Thanks a lot my dear friend for your excellent article – I am absolutely with you !
Good to chat in Budapest at EUGIC’17 recently.
I remain deeply skeptical and suspicious of so-called Smart Cities. Why ? would take too long to explain elaborate here. Except to sketch a frame embracing Tech-Utopia, Demcoratic Deficits in Urban Placemaking and what George Monbiot (writing about the related delusions of ‘Natural Capital’) decribes as a capitalist trap.

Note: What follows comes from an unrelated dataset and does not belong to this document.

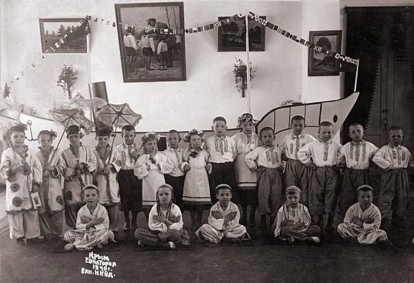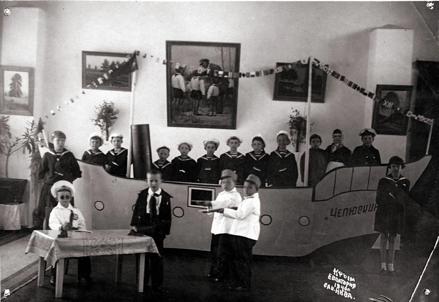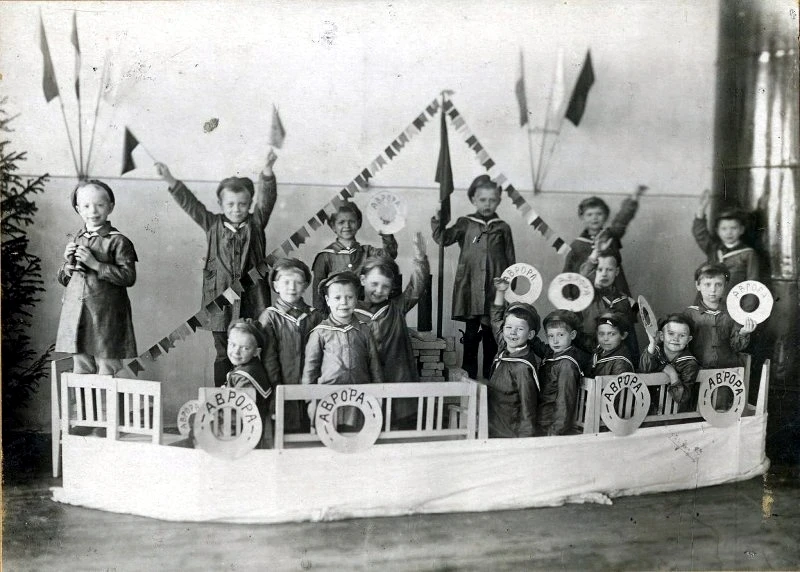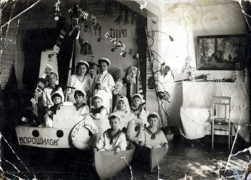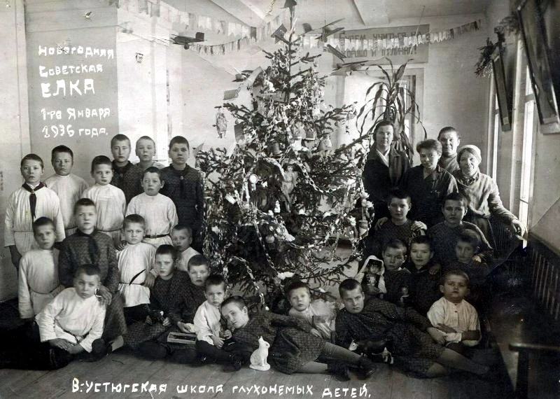Первая советская ёлка. "Обучающиеся школы глухонемых у новогодней елки в г.Великий Устюг, 01.01.1936 г." (Госкаталог.РФ) Праздновать Новый год официально разрешили 28 декабря 1935 года. Ни учреждения, ни промышленность элементарно не успели подготовиться. Старые "царские" игрушки на ёлку вешать уже нельзя, а новых игрушек ещё нет. Под ёлкой сидит зайчик, а посередине ёлки виднеется кукла. И, конечно же, бумажные цветные цепочки. Если что, то мы в школе на продлёнке тоже их клеили, хотя дефицита игрушек уже не было

In the USA, smart cities is a broader more inventive connotation – around greening, smart urban planning and design and re-naturing. I’m more incilnded to that and to human-centred democratic cities. Skeptically Yours, Aidan J. ffrench Landscape Architect/Past President, The Irish Landscaspe Institute, Dublin
My 1982 book “Los Angeles: a History of the Future” described the transformation of a major metropolis toward balance with nature, during many decades. http://paulglover.org/lahofbook.html
In my view a smart city is a place where the needs of local communities and the quality of the environment are put first. Technology is simply a tool which changes over time. In Britain the post war redevelopment of our largest cities focused on the technology of the time as if it was a panacea. We know now that the technology of that time created its own problems and it has since evolved further. I believe smart cities should be planned for future adaption knowing that our built and green spaces will have further opportunities to change and will need to be able to adapt and evolve over time.